И с этой минуты из комнаты, занятой крёстной, не донеслось ни звука. Когда спустя долгое время Меланья отправилась спать, она наткнулась на племянницу, удобно устроившуюся на лестнице и явно довольную жизнью. Доротка даже улыбалась.
— Ты что так развеселилась? — подозрительно поинтересовалась тётка.
Её так и подмывало хоть немного испортить настроение племяннице.
— Прелестная ошибка! — поделилась радостью племянница. — «Он накрыл графа циновкой» вместо «он покрыл его матом». Правда, хорошо? Или вот ещё: «Худое дерево меньше вьётся», а надо «Сухая древесина меньше гнётся», во всем предложении правильно переведено только одно слово «меньше». Ну как тут не развеселиться? Ага, не кажется ли тётушке, что я нашла способ общения с крёстной. Нужно было с самого начала тут сидеть, ей тогда ничего не захочется.

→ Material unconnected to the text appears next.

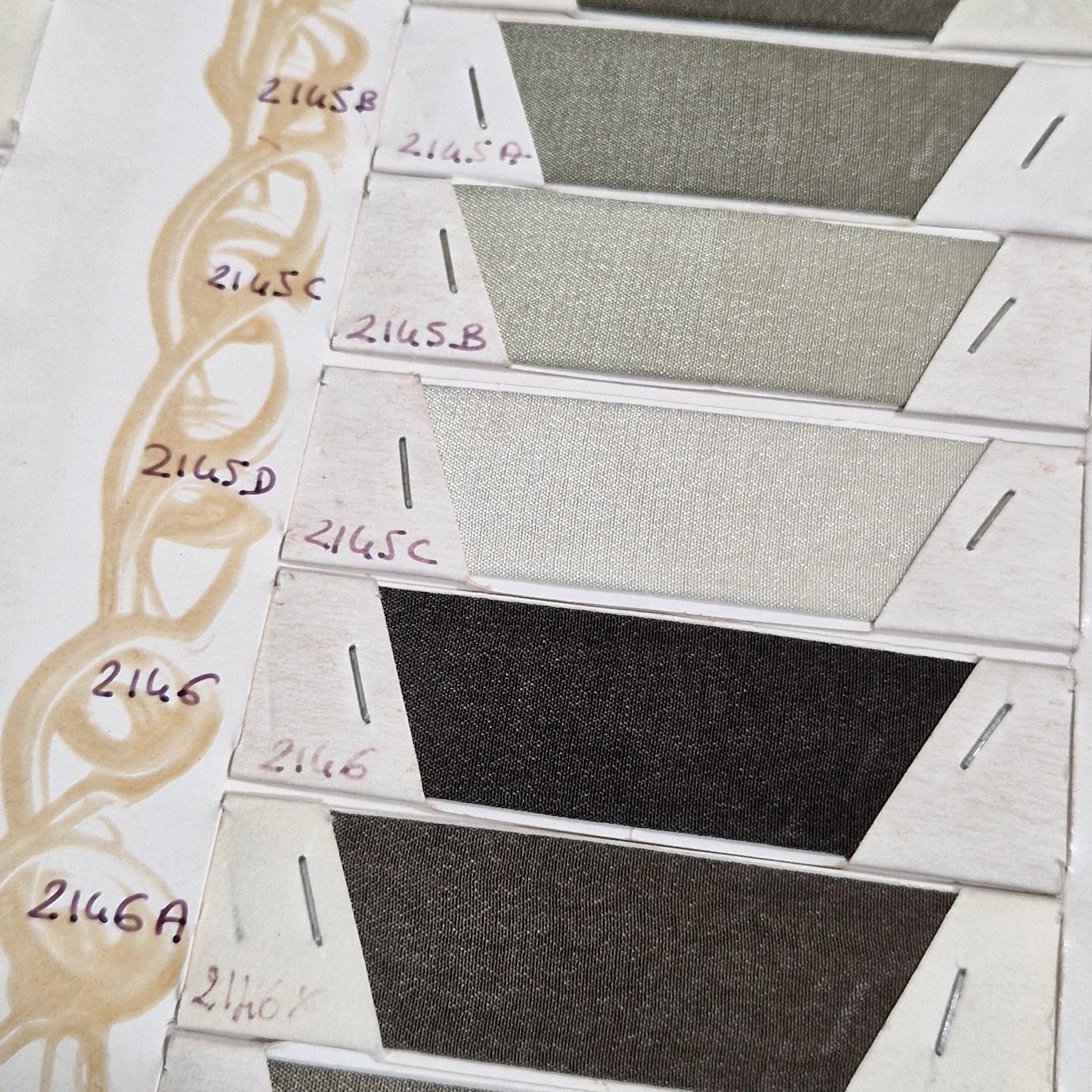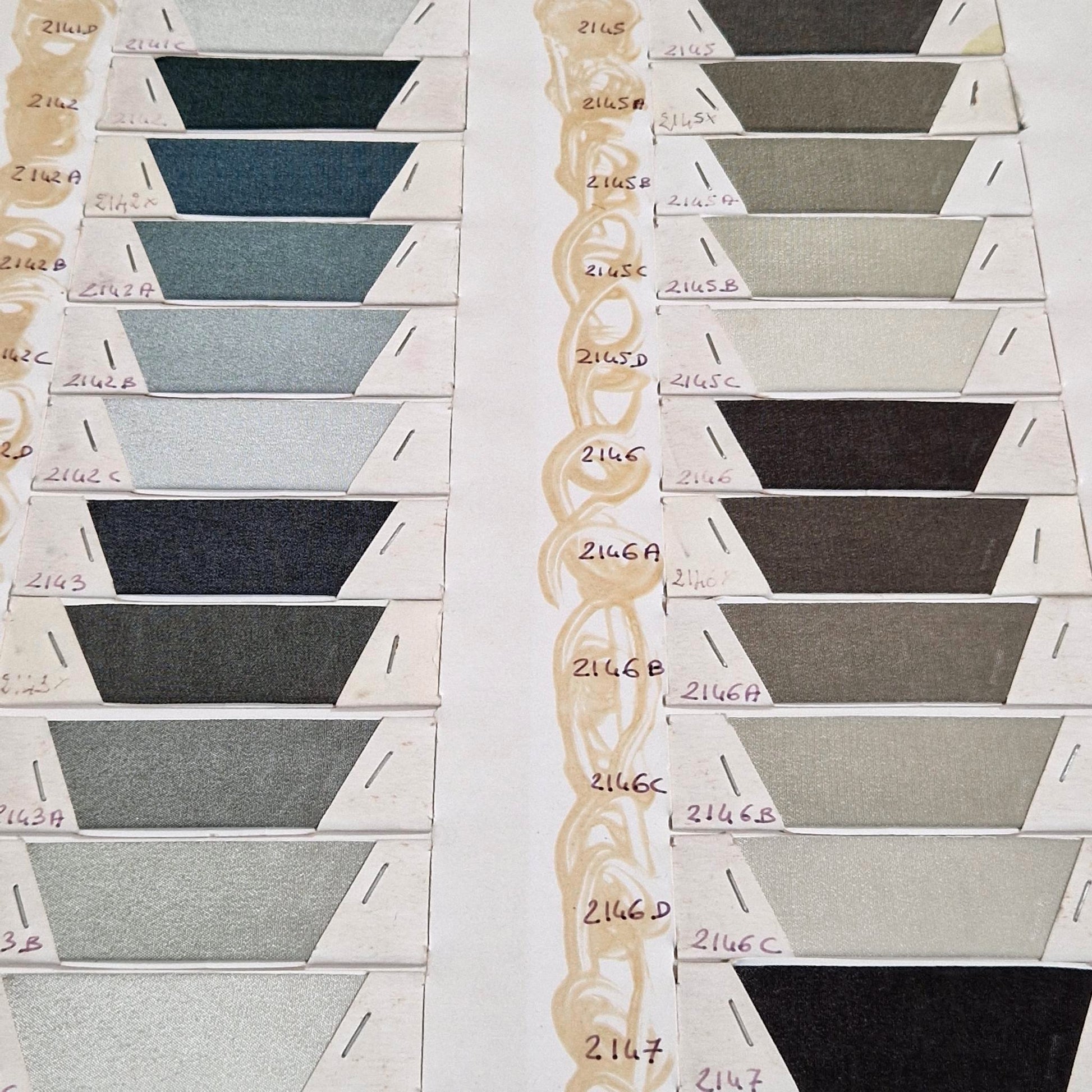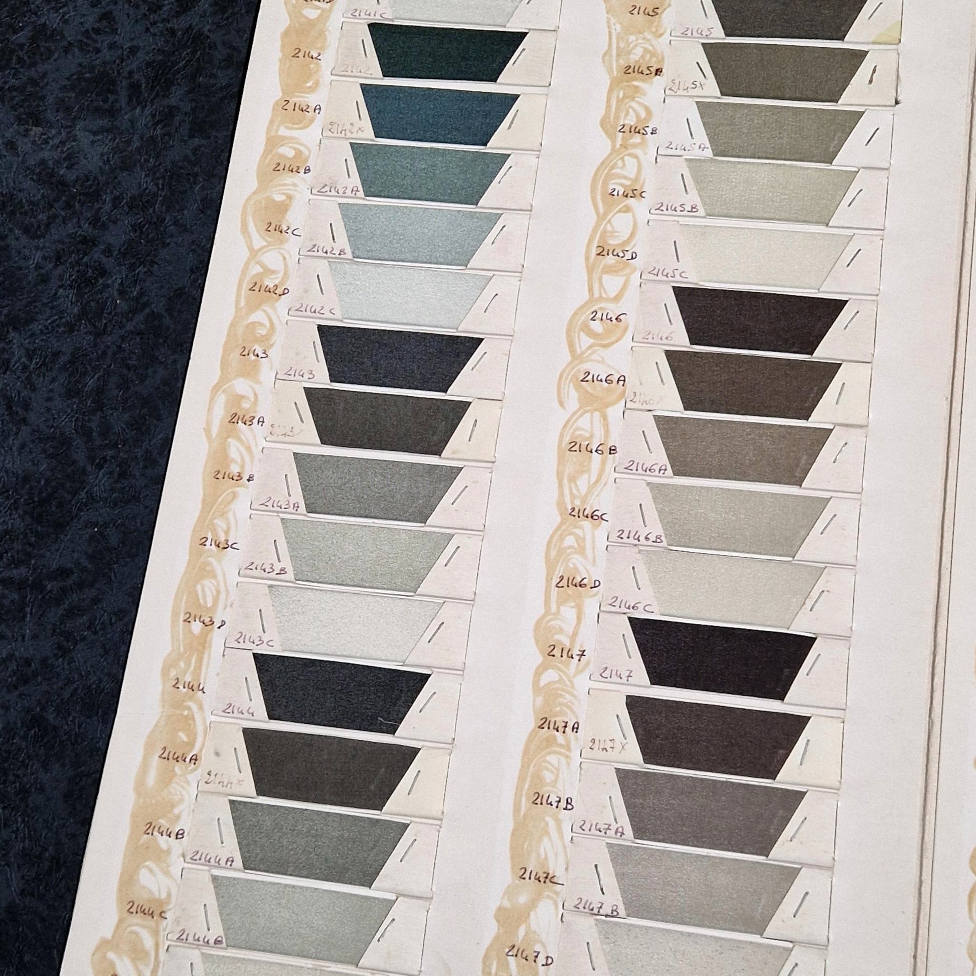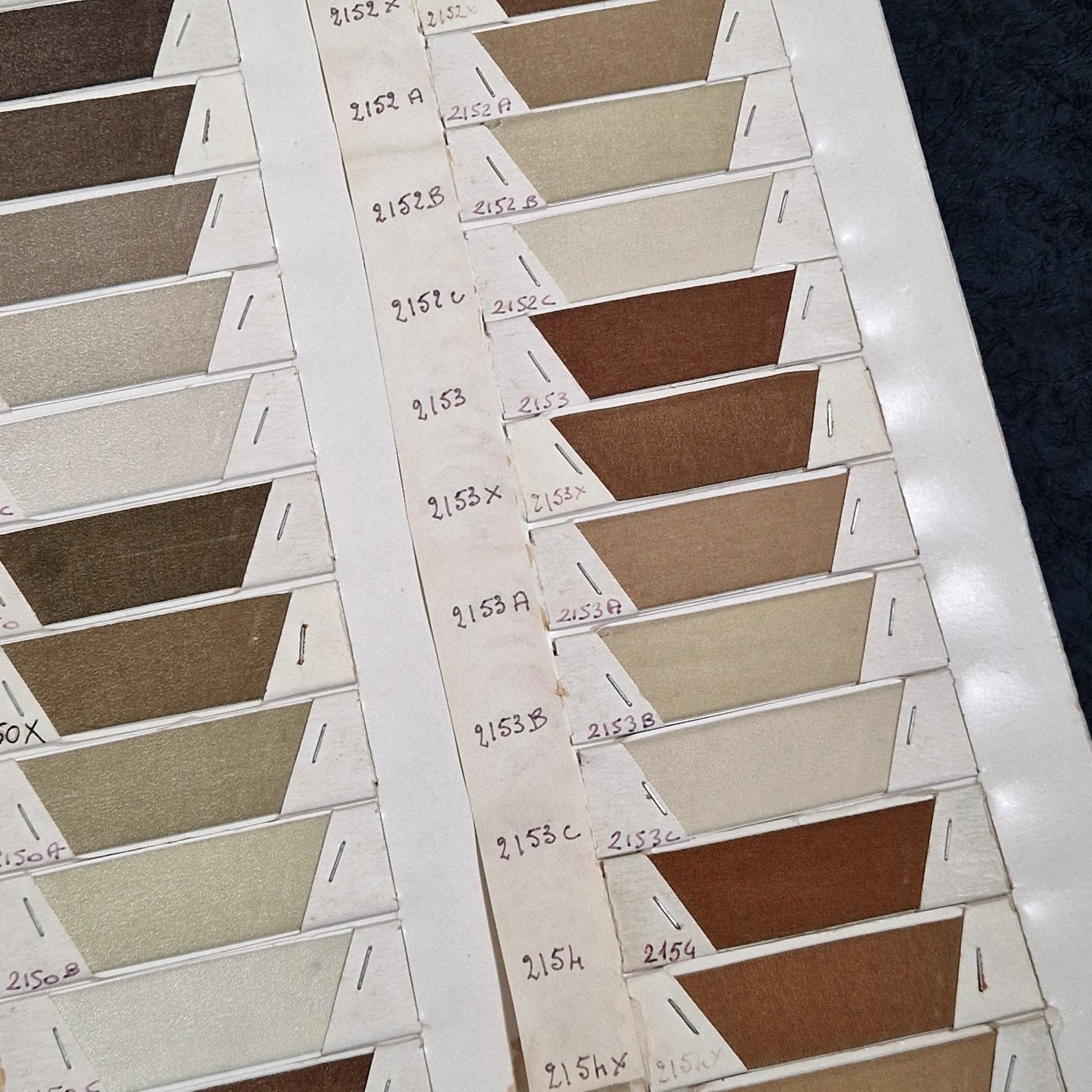 Nuancier professionnel issu d’un atelier textile français, présentant une série organisée d’échantillons dans des tonalités sobres allant du gris au brun, en passant par des nuances kaki et beige. Chaque teinte est référencée à la main, témoignant d’un outil de travail destiné à la mise au point des coloris ou à la présentation de gammes auprès de clients industriels. L’ensemble reflète une esthétique typique des archives de production textile du milieu du XXe siècle, à la fois technique et graphique.

И с вашего разрешения, если оставите мне лампу и подушку, я уж тут покончу с циновкой, очень хорошо работается. Не жалко?
Меланья явно собиралась отобрать у девчонки свои вещи, чтобы слишком не радовалась, но услышав «не жалко», решила их оставить. Она всегда хотела казаться щедрой и не мелочной, в противоположность старшей сестре. Да и не нужны ей, на ночь глядя, ни лампа, ни подушка с рабочего кресла, работать она не собиралась. Пожав плечами, она молча проследовала к себе.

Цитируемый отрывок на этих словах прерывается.